ACTIVITY> From the material below, please set down exactly the lines starting with the one with "Moderner Konsolentisch aus" and going on through the one with "PLAYTIMES: With our", without a single picture.

TASK INPUT>
'''

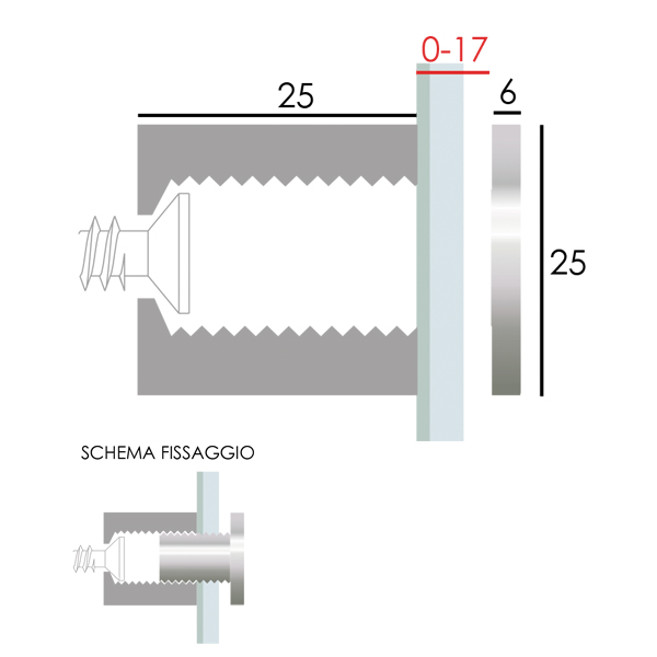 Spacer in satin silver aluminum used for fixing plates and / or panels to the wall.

'''
'''

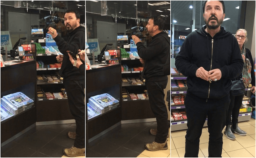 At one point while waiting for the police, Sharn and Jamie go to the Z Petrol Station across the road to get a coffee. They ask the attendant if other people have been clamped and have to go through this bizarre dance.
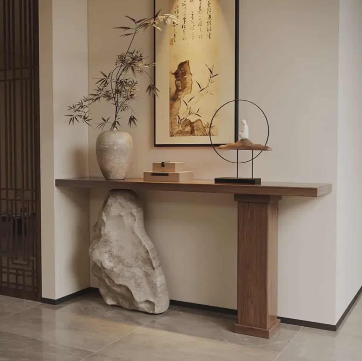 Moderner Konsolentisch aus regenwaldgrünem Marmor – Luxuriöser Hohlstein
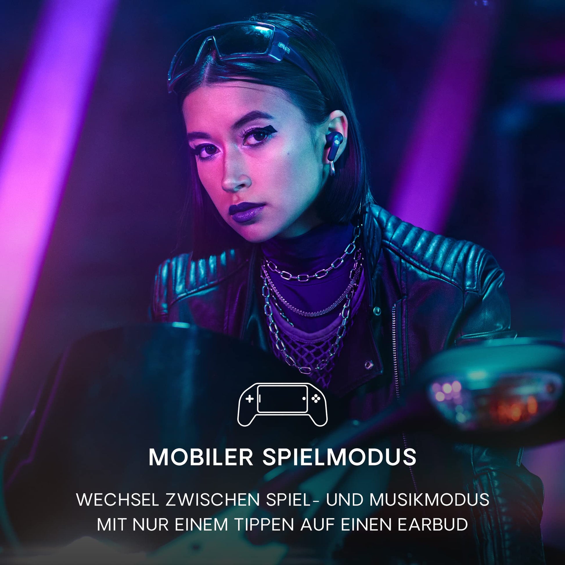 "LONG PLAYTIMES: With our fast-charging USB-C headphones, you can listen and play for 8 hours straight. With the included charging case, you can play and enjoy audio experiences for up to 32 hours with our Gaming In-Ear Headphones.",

'''

RESPONSE TO THIS EXERCISE>
 Moderner Konsolentisch aus regenwaldgrünem Marmor – Luxuriöser Hohlstein
 "LONG PLAYTIMES: With our fast-charging USB-C headphones, you can listen and play for 8 hours straight. With the included charging case, you can play and enjoy audio experiences for up to 32 hours with our Gaming In-Ear Headphones.",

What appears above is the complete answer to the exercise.